LES MAINS

Que disent-elles ces mains qui tracent dans l’air étonné leurs arabesques invisibles ?              De quel fil transparent tissent-elles patiemment la tiédeur des jours ?A qui s’adressent-elles quand leur silence même nous parle ?                                                     Quel souffle les anime ?

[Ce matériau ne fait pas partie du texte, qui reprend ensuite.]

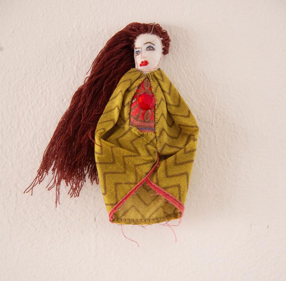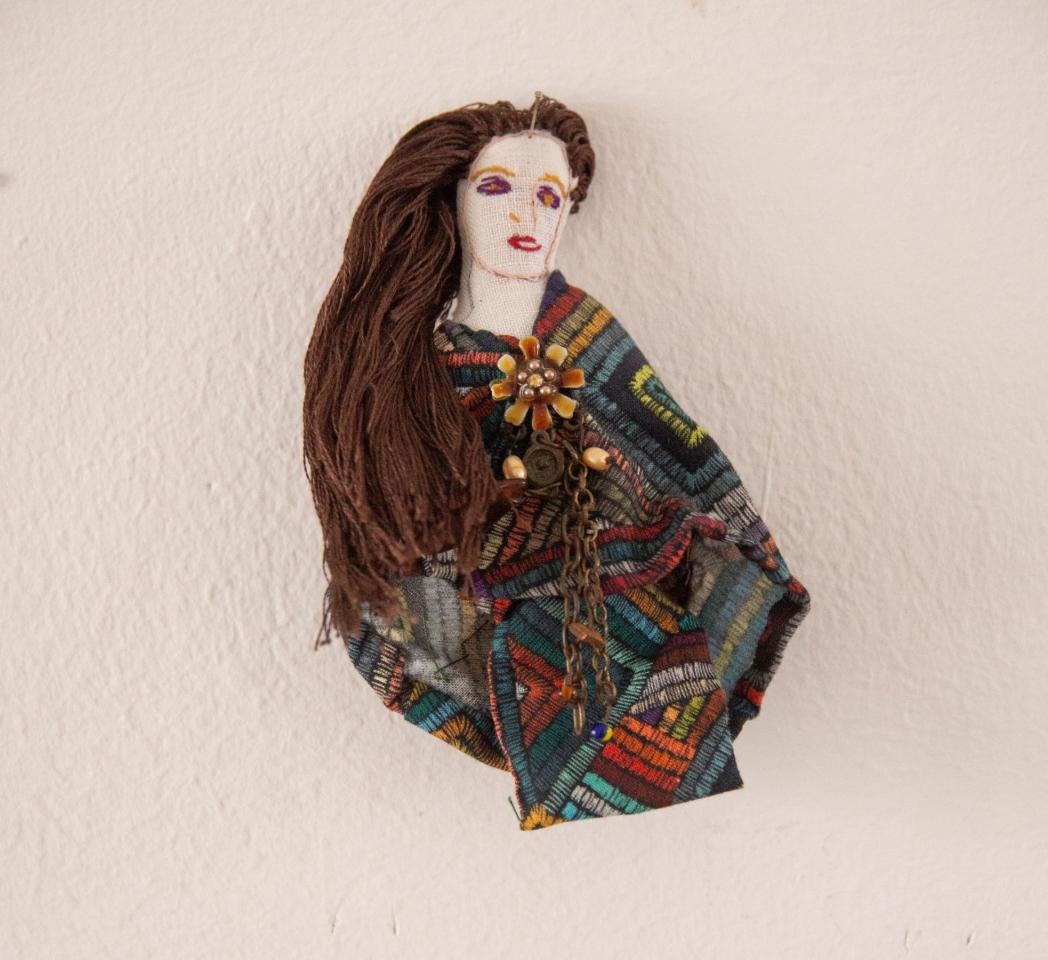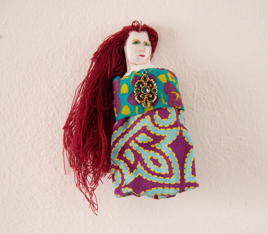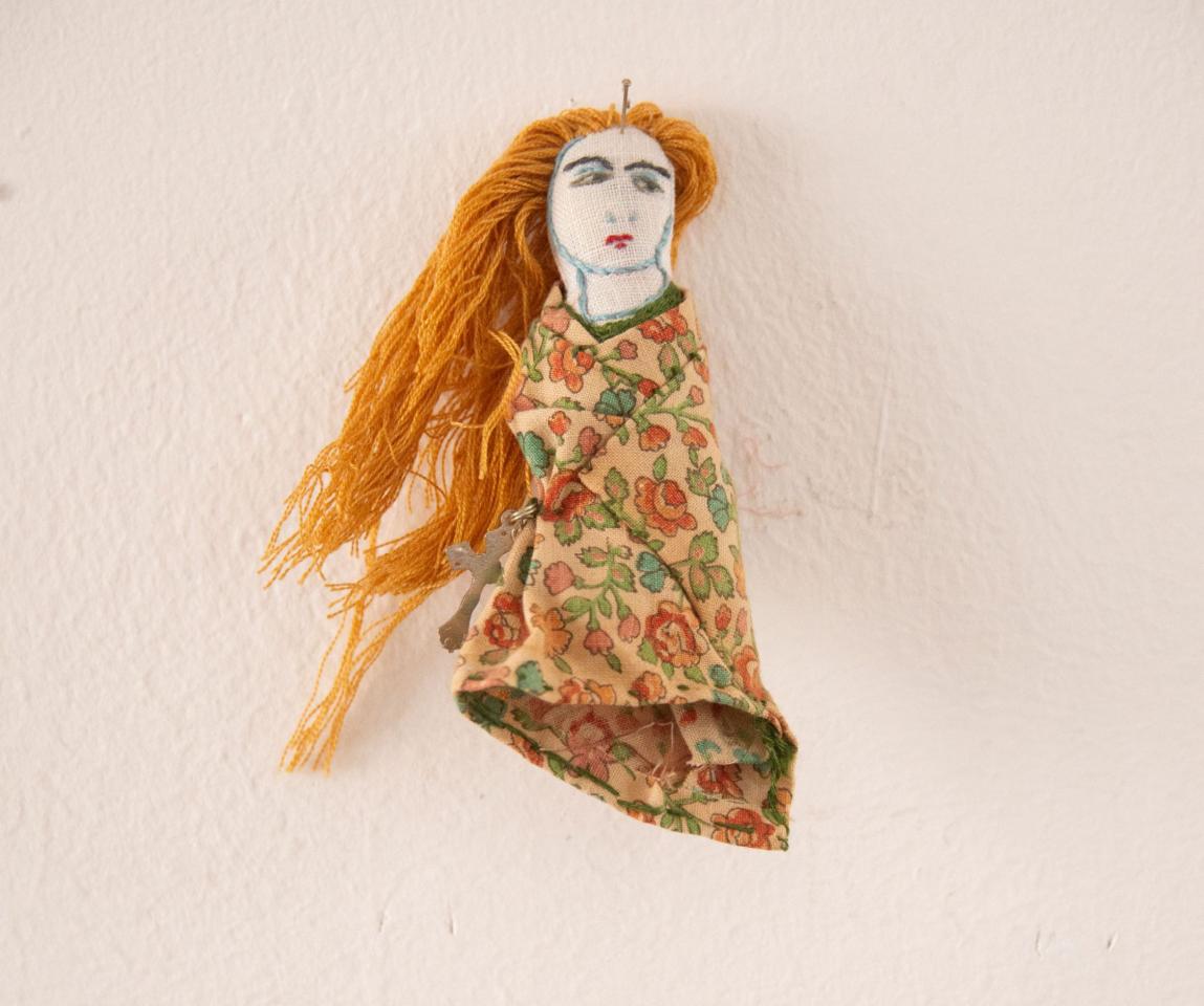 Bustes cousus et rebrodés, fil à broder, tissu, perles, pièces de bijoux et de chapelets, médailles, 10 à 18 cm.

Autant de questions qui offriront leurs réponses si nous nous laissons toucher par le cœur de ces mains aux paumes généreuses et si nous nous ouvrons au murmure de leurs confidences.

Ces mains attentives qui se tendent et se posent sans impatience, le moment venu. Toujours prêtes à s’ouvrir pour panser les plaies, crever les abcès. Ces mains qui font mal parfois mais pour mieux délivrer.

Et ces autres qu’on dirait faites juste pour la caresse tant leur douceur cherche la nôtre. Partout je les retrouve ces mains que je m’applique à peindre dans leurs multiples contorsions.

Peau diaphane du nouveau-né, solide, rugueuse ou nervurée de l’adulte ou du vieillard, toujours elles me convient au miracle du toucher qui est de capter le spirituel dans la chair même. Elles sont notre histoire. Notre mémoire. Notre miroir aussi. Bien plus que ce qu’elles nous donnent à voir. Au-delà du visible et du perceptible, elles sont.

Elles s’agitent parfois, s’évertuent à la tâche souvent, fouillent, creusent, grattent, retournent l’obscurité ou le ciel vide pour nous libérer d’une incompréhension trop pesante. Elles délivrent du remords en déliant le nœud coulant du reproche. Promptes à soulager, elles calment, pardonnent et réconfortent comme un baume indispensable aux corps meurtris.

Plus amoureuses, elles glissent sur la peau leur mélodie voluptueuse.

Etreignent, enlacent, saupoudrent du bout de leurs doigts, la délicatesse d’un amour naissant.

Fidèles, elles disent tout, même quand les yeux se taisent et que la voix s’éteint.

Elles racontent une vie bien remplie, essuient une larme furtive tombée d’un souvenir lointain, ramassent un rêve échappé du sommeil, suspendent le rire aux étoiles de la nuit.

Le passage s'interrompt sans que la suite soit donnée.